I would suspect those that don't see brassicas consumed, would see them consumed if the entire mix was growing at the same time. That's just a hunch. Why? Because you don't have thousands of brassicas growing in one spot, there is only one growing every couple feet or so.
My rotation basically revolves around clover. I suppress it and seed. Simple is as simple does.
 

SD51555

5 year old buck +
I also found some reading material discussing ideal brassica soils. "Ideal" was a soil that had good organic matter and structure. Lesser was a sandy soil.

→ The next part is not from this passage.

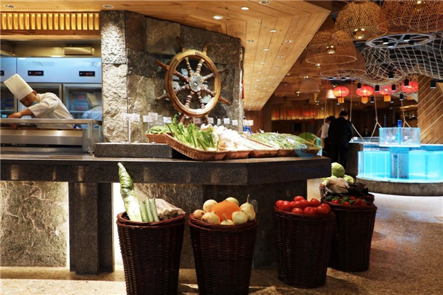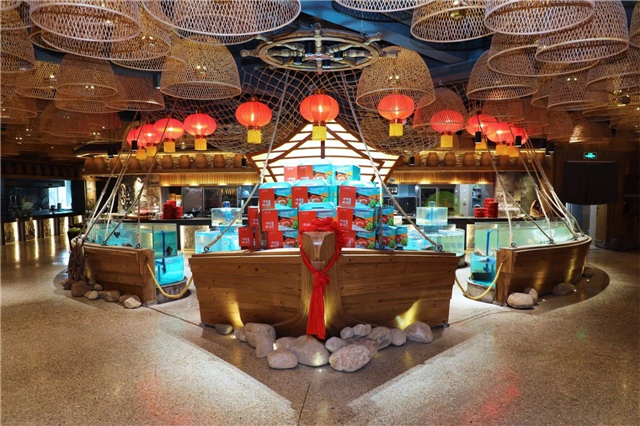 象征著敲響吉祥的漁家大鼓,漁船造型的食材展柜,以漁籠漁網為裝飾的頂棚設計,隨處可見的漁家風情讓人感受到獨特的漁民文化。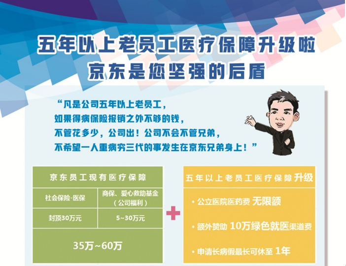 随后,京东宣布司龄满五年的京东正式员工医疗保障升级,当京东员工罹患威胁生命安危的疾病时,包括通常大家熟知的重大疾病,并额外扩展了非重大疾病但至重症监护治疗的情况,京东员工在使用现有社保,公司商保,公司爱心救助基金总计约35~60万的医疗保障基础上,超出的医疗费用京东都将“无限额”报销。除此之外,京东还额外提供10万元绿色就医渠道费用,让员工可以快速就医并获得更好的医疗医师救治资源。

I wonder if that wouldn't cause slower growing conditions that may lead to a less than desirable palatability?
 
D

dipper

Guest
We eat a lot of organic vegetables and I can tell the difference than the store bought crap.
Organic material means everything
 

j-bird

Moderator
I have planted PTT before and they do well but they rot in the ground the deer ignore them. I have planted radish as well as PTT this year to see for some reason the deer like one or the other. I plant them because they are cheap insurance just incase we have a bad winter - we had a cold winter last year, but the snow wasn't too bad in my area. I often over seed them with oats, rye and wheat into my standing soybeans. I like to get as much use out of my plotting acres as I can that way I can dedicate more to cover which is my limiting habitat factor as I live in farm country. I this year I was able to add AWP to the mix as well - the deer are still on the acorns and the AWP is still in the plot - they will get to it sooner or later I'm sure.
 

sandbur

5 year old buck +
I've heard you mention that before. Is it possible there is something going on in the soil making them unpalatable? Have you ever done a soil sample where you've grown them? I base that on nothing, but it just seems strange. Our daikon radish got worked pretty good already in September just the other side of the county. I wonder if it could it be too much of a micro nutrient, or none at all? It just seems strange that it happens to some, and other places they get nailed.

I say that because you don't see hit and miss adaptation on things like corn, beans, clover, rye (for the most part) apple, soft browse etc. Where's Dipper and MoBuck when you need em? Found this just now from Utah State University:
View attachment 2550

This from the Standard Cyclopedia of Horticulture:
View attachment 2551

I ate one of my radishes. I thought it was hot too. The tops were still pretty good. I don't know that we could get away with waiting for sub 60 degree weather though. Once the sixties leave, there ain't much time left before frost shuts it down.

Thanks for the suggestions, SD. I am referring to where I live when I say the radishes and brassica do not work. Up in zone 172, they work fine but growth is not as good as where I live.
You might be on to something, but I think my deer numbers are just too low. Corn stands for two years without being eaten. Two miles west of me, brassica are eaten.
 

SD51555

5 year old buck +
It's amazing. On my dad's place, I could grow fantastic brassica. Never got touched. On my land in Cass county, they were pretty short, and they're getting worked over pretty good. Also, down south is 97% ag land, and our place is a 20 acre oasis. When we hunted there, we were after "the" adult doe, with the hopes there may be a buck chasing her around.
 

SD51555

5 year old buck +
We eat a lot of organic vegetables and I can tell the difference than the store bought crap.
Organic material means everything
They are completely different animals absolutely.
 

sandbur

5 year old buck +
It's amazing. On my dad's place, I could grow fantastic brassica. Never got touched. On my land in Cass county, they were pretty short, and they're getting worked over pretty good. Also, down south is 97% ag land, and our place is a 20 acre oasis. When we hunted there, we were after "the" adult doe, with the hopes there may be a buck chasing her around.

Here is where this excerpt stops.